IHI Corporation (IIoT)


The evolution of Industrial Internet of Things (IIoT) boosts the availability of real-time insights and transformational business outcomes through the massive streams of data and analytics. The advancement in wireless connectivity enables mobility and flexibility in the transferences of such data and insights at a fraction of the cost compared to wired system. However a few technical challenges must be addressed to ensure the high performance of robustness, availability, reliability, and latency of the wireless system to handle these digital transformation.

The major challenge in developing an intelligent IIoT system for key applications, such as preventive and predictive maintenance, adaptive process control, etc. is two-folds.
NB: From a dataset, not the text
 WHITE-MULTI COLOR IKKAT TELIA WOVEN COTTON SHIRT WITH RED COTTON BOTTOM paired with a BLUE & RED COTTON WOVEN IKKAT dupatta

Infrastructure-wise, the sensor network-based monitoring system needs to be highly efficient and reliable for accurate real-time sensory data collection and transmission. Algorithm-wise, the prediction model needs to accurately evaluate the machines and/or process conditions and predict the outcomes; it also needs to identify proper adjustment and action to optimize productivity at all times.
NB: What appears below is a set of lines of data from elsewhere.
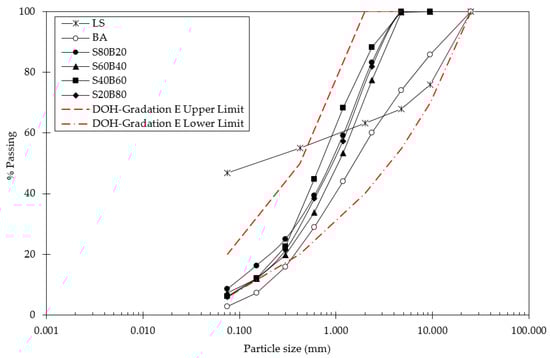 Grain size distribution curves of the LS, BA, and LS+BA.
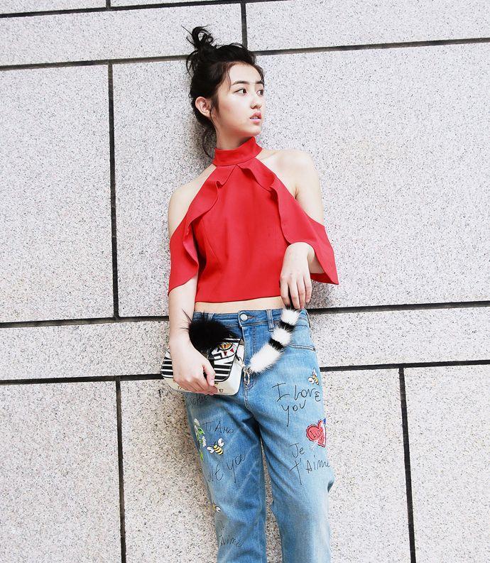 张子枫身穿红色露肩上衣,搭配蓝色牛仔裤,头发随性梳成丸子头,清新少女感满满
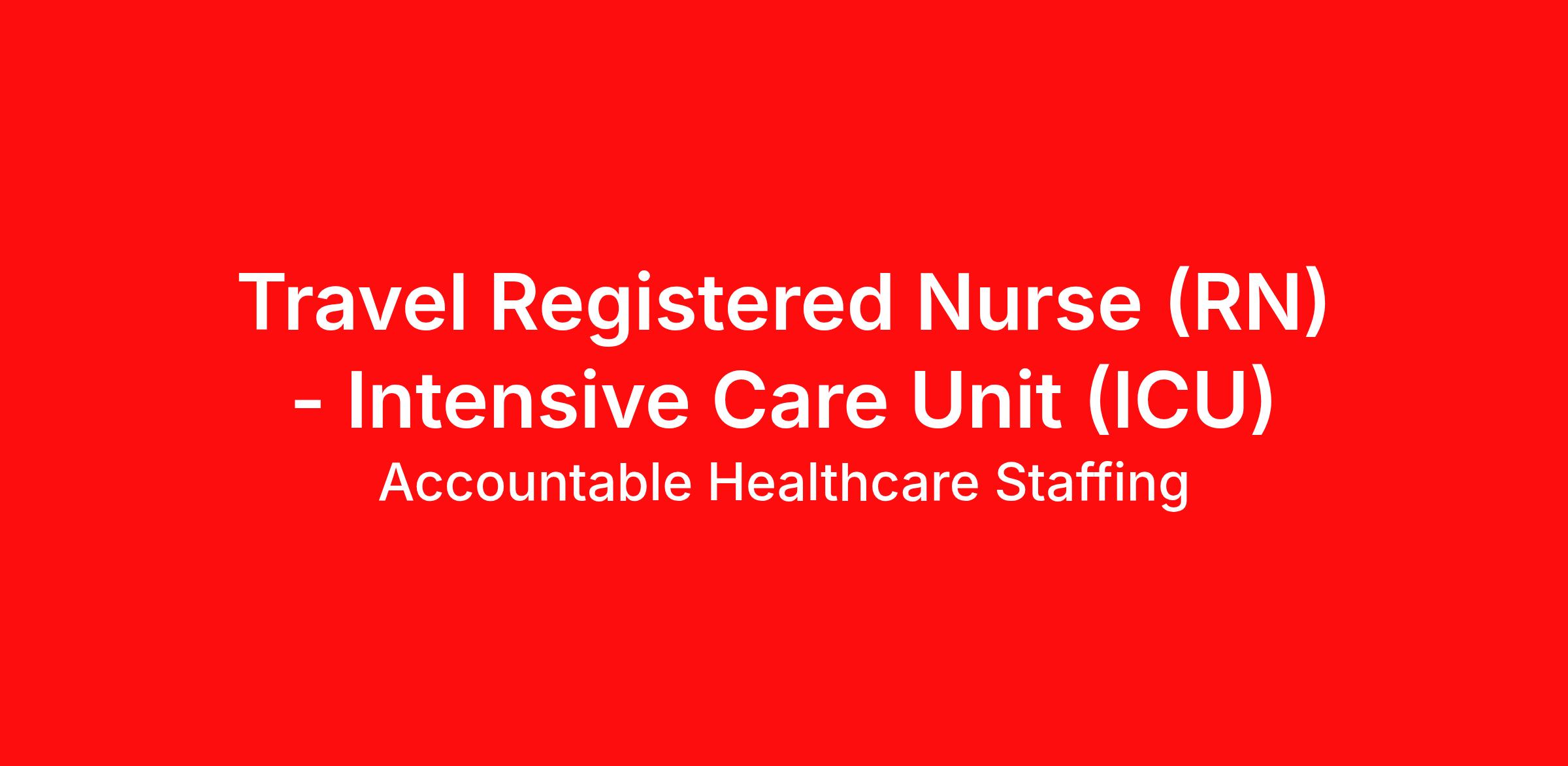 $2,041.20 - $2,268.00 Weekly *Rate is comprised of taxable hourly rate, specifically including if applicable, nontaxable (housing and M&IE) stipends converted to an hourly rate based on a 36-hour work week, and may be eligible for overtime FA - 1875193 - A Registered Nurse (RN) needed in an Intensive Care Unit/Critical Care Unit (ICU/CCU) setting. Job Type: Travel Contract. Shift: Day/Night Rotation, 36hr Week (3x12). Location: Oak Bluffs, MA. Requirements: Must have 2yrs ICU/CCU experience during the past 3yrs. Updated resume, Basic Life Support (BLS - AHA or Red Cross), Advanced Cardiac Life Support (ACLS - AHA or Red Cross), current drivers license (DL), and an active Massachusetts RN license. Benefits: Medical, Dental, Voluntary Vision, Flexible Spending, Pet Insurance, Short Term Disability Insurance, Matching 401k, and more. If you would like to combine your love of traveling with your nursing career, Accountable's Travel Nurse contracts are the way to go. LIVE Life 13 weeks at a time We can help you achieve your career goals by connecting you to our diverse healthcare clients close to home or in desirable locations throughout the United States. Choose to serve patients in major medical centers, community-based hospitals, outpatient clinics, sub-acute care & rehab hospitals, correctional and long-term care facilities, and more. Our team members will match you with the facility that corresponds to your personal and professional goals. Accountable Benefits include Medical, Dental, Voluntary Vision, Life and ADD, Critical Illness, Hospital Indemnity, Flexible Spending, Legal Services, Voluntary Accident Insurance, Pet Insurance, Short Term Disability Insurance and Matching 401K EEO/Minority/Female/Individuals with Disabilities/Sexual Orientation/Gender Identity/Veteran Yep, we're Accountable! Quick Apply in seconds

In the bid to enhance the delivery of such system, IHI and A*STAR I2R collaborated to develop an intelligent and low power IIoT edge platform based on IHI IoT boards. Developed with highly optimized cognitive industrial wireless and advanced edge analytics that support multiple wireless protocols for real-time model-based analysis such as predictive maintenance, targeting high reliability and high availability performance with minimum of 99%. Together with IHI, the technologies will be integrated as a system and provided as a total solution.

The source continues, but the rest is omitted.